1966–67 Austrian Cup

Tournament details
- Country: Austria

Final positions
- Champions: Austria Wien
- Runner-up: Linzer ASK

= 1966–67 Austrian Cup =

The 1966–67 Austrian Cup (ÖFB-Cup) was the 33rd season of Austria's nationwide football cup competition. The final was played over two legs, on 27 June 1967 at the Linzer Stadion, Linz and on 5 July 1967 at the Hohe Warte, Vienna.

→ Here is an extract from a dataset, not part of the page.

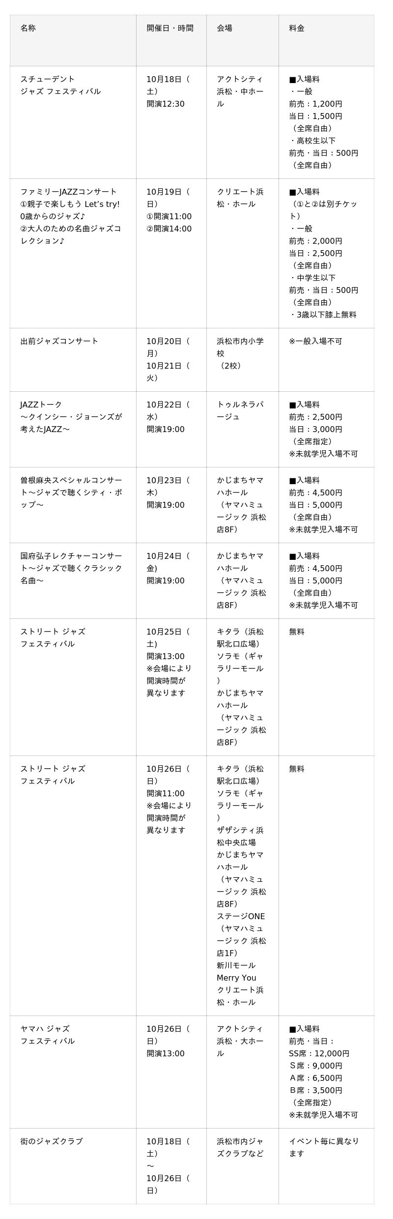 公式Facebook:https://www.facebook.com/hamamatsujazzweek/

The competition was won by Austria Wien after beating Linzer ASK by a drawing lots after the tie finished 2–2 on aggregate.

==Round of 32==

| 13 August 1966 |
| 14 August 1966 |

| 19 August 1966 |
| 20 August 1966 |

| 21 August 1966 |

| Team 1 | Score | Team 2 |
13 August 1966
| SC Schwaz | 2–10 | FC Wacker Innsbruck |
14 August 1966
| FC Wattens | 0–4 | Wiener Sport-Club |
| SV Loipersbach | 2–4 | Admira-Energie Wien |
| WSV ATSV Ranshofen | 1–3 | Austria Klagenfurt |
19 August 1966
| Schwarz-Weiß Bregenz | 4–2 | Grazer AK |
20 August 1966
| SV Austria Salzburg | 1–0 | FS Elektra Wien |
| Badener AC | 1–3 | SK Rapid Wien |
| Klagenfurter AC | 0–5 | First Vienna FC |
| SK Vorwärts Steyr | 3–0 | Kapfenberger SV |
21 August 1966
| 1. Simmeringer SC | 0–3 | FK Austria Wien |
| SC Austria Lustenau | 1–0 | 1. Wiener Neustädter SC |
| Deutschlandsberger SC | 0–1 | 1. Schwechater SC |
| WSV Donawitz | 5–5 (a.e.t.) | FC Lustenau |
| Wacker Wien | 1–0 | SK Sturm Graz |
| Wiener AC | 2–0 | SV Donau Wien |
1 November 1966
| Linzer ASK | 1–0 | SK Bischofshofen |
Replay: 1 October 1966
| FC Lustenau | 1–2 | WSV Donawitz |

==Round of 16==

| 18 September 1966 |
| 1 October 1966 |
| 19 October 1966 |
| 26 October 1966 |

| Team 1 | Score | Team 2 |
18 September 1966
| Wiener Sport-Club | 5–1 | SK Vorwärts Steyr |
1 October 1966
| First Vienna FC | 6–1 | SC Austria Lustenau |
19 October 1966
| FK Austria Wien | 2–1 | FC Wacker Innsbruck |
26 October 1966
| 1. Schwechater SC | 3–2 | Wacker Wien |
| SV Austria Salzburg | 1–0 (a.e.t.) | Schwarz-Weiß Bregenz |
| SK Rapid Wien | 3–1 | Austria Klagenfurt |
8 December 1966
| Linzer ASK | 6–0 | Wiener AC |
| WSV Donawitz | 3–1 | Admira-Energie Wien |

==Quarter-finals==

| 25 February 1967 |

| Team 1 | Score | Team 2 |
25 February 1967
| Linzer ASK | 2–1 | Wiener Sport-Club |
| First Vienna FC | 0–1 | SK Rapid Wien |
| WSV Donawitz | 2–2 (a.e.t.) | FK Austria Wien |
26 February 1967
| 1. Schwechater SC | 5–0 | SV Austria Salzburg |
Replay: 26 April 1967
| FK Austria Wien | 3–0 | WSV Donawitz |

==Semi-finals==

| Team 1 | Score | Team 2 |
3 May 1967
| FK Austria Wien | 1–0 | SK Rapid Wien |
4 May 1967
| Linzer ASK | 5–0 | 1. Schwechater SC |

==Final==
===First leg===
27 June 1967
Linzer ASK 2-1 FK Austria Wien
  Linzer ASK: Kondert 47', Köglberger 57'
  FK Austria Wien: Buzek 84' (pen.)

===Second leg===
5 July 1967
FK Austria Wien 1-0 Linzer ASK
  FK Austria Wien: Dirnberger 26'

2–2 on aggregate. FK Austria Wien won by a drawing lots.